Actually I'm not sure you need to find the point of intersection at all. Since the furthest away things ever get in the r-direction is $\cos(\theta)$ I'm pretty sure you can just do the area of the $\cos(\theta)$ (1), minus this integral: $$ 4\int_{-\pi/2}^{\pi/2} \int_{0}^{\cos(\theta} r\cos(3\theta) \ dr \ d\theta $$

Answer 2

The above answer is incorrect (it equals approximately $0.53$ which is larger than half the area of the circle, which is impossible).

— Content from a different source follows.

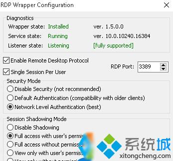 下载RDPWrap-v1.6小工具,然后解压,运行install.bat,然后运行RDPConfig.exe,看到Diagnostics后面都是绿色的,并且Listener state是Listening [fully supported]。

The area inside a loop of $r=4\cos3\theta$ equals $$ A_1=\int_{-\pi/6}^{\pi/6}\int_0^{4\cos3\theta}r\; drd\theta =\frac{4\pi}{3} $$ The area inside a loop of $r=4\cos3\theta$ and inside the circle $r=\cos\theta$ is given by $$ A_2=A_1-2\int_0^{\cos^{-1}\frac{\sqrt{13}}{4}}\int_{\cos\theta}^{4\cos3\theta}r\; drd\theta = \frac{\sqrt{39}}{16}+\frac{15\cos^{-1}(\frac{\sqrt{13}}{4})}{2} $$ And finally, the wanted area is the area of the circle $r=\cos\theta$ minus $A_2$: $$ A=\frac{\pi}{4}-A_2 =\frac{8\pi}{3}-\frac{\sqrt{39}}{16}+\frac{15\cos^{-1}(\frac{\sqrt{13}}{4})}{2} \approx 0.346 $$

The answer seems reasonable, as it is approximately have the area of the circle.